This guide covers common errors you may encounter when building, deploying, and running your Zuplo API gateway, along with steps to diagnose and fix them.

Build errors

Build errors prevent your project from compiling during deployment. The gateway returns a BUILD_ERROR when this happens.

TypeScript compilation errors

Type mismatches, missing type definitions, or invalid syntax prevent the build from completing. Check the deployment logs for the file name, line number, and error description.

Fix: Run the build locally before deploying to catch these errors early:

TerminalCode
npx zuplo build

You can also add TypeScript to your project and run type checking directly:

TerminalCode
npm install -D typescript npx tsc --noEmit

This catches type errors before you deploy and integrates with most editors for inline feedback.

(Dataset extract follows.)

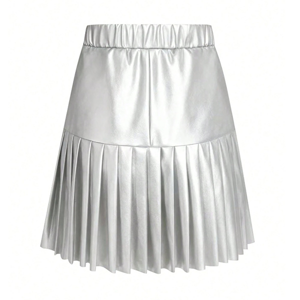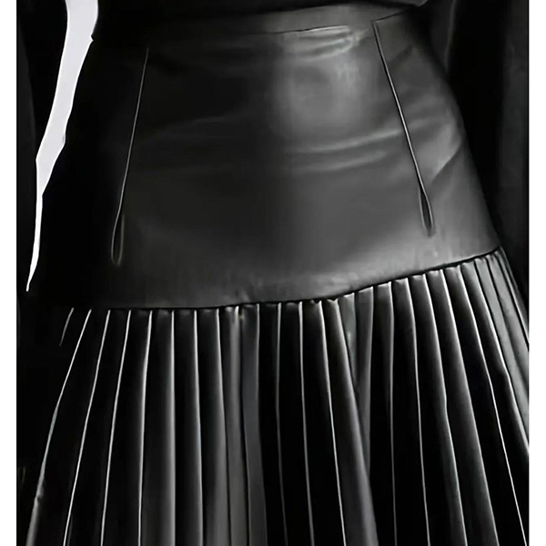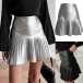 Fashion High-rise Pleated Hemline Artificial Leather PU Skirt
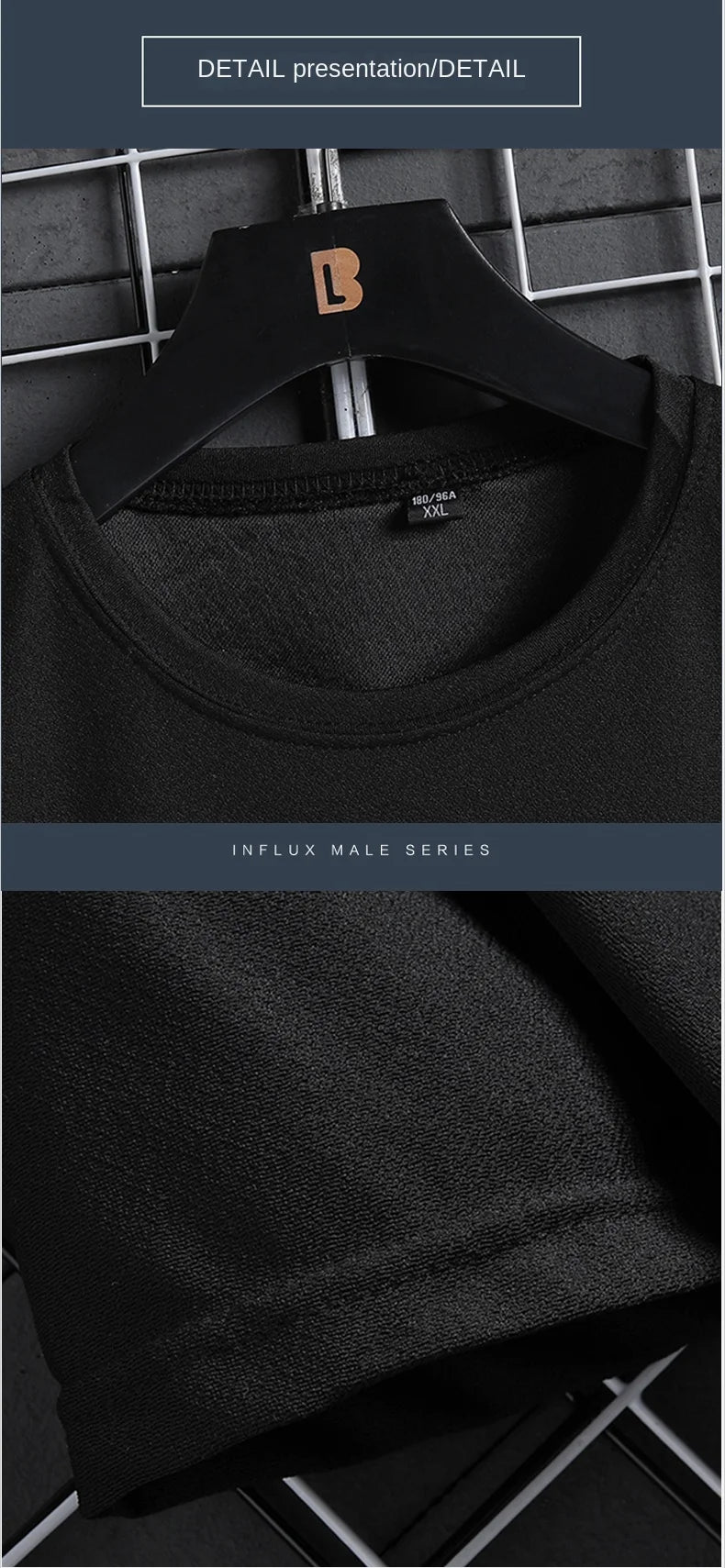 Summer new men's round neck quick drying casual sports and fitness breathable short sleeved+long pants set, two-piece set

Module resolution failures

Imports that do not start with ./ or ../ and have no matching paths mapping in tsconfig.json fail to resolve.

Code
// This fails if there is no paths mapping import { myFunction } from "modules/my-module"; // Use a relative path instead import { myFunction } from "./modules/my-module";

Fix: Use relative paths for local modules, or configure compilerOptions.paths in your tsconfig.json. See TypeScript Configuration for details.

Missing or incompatible packages

Zuplo does not run Node.js and does not run npm install during deployment. Only npm packages that don't use native code or Node.js-specific APIs (like the filesystem or child_process) are compatible. Packages must be installed locally and their bundled output checked into source control.

Fix: Install the package locally, verify it works with zuplo dev, and ensure the compiled output is committed to your repository. See Node Modules for details on package compatibility and limitations.

Invalid route configuration

The routes.oas.json file contains syntax errors or references handlers and policies that do not exist.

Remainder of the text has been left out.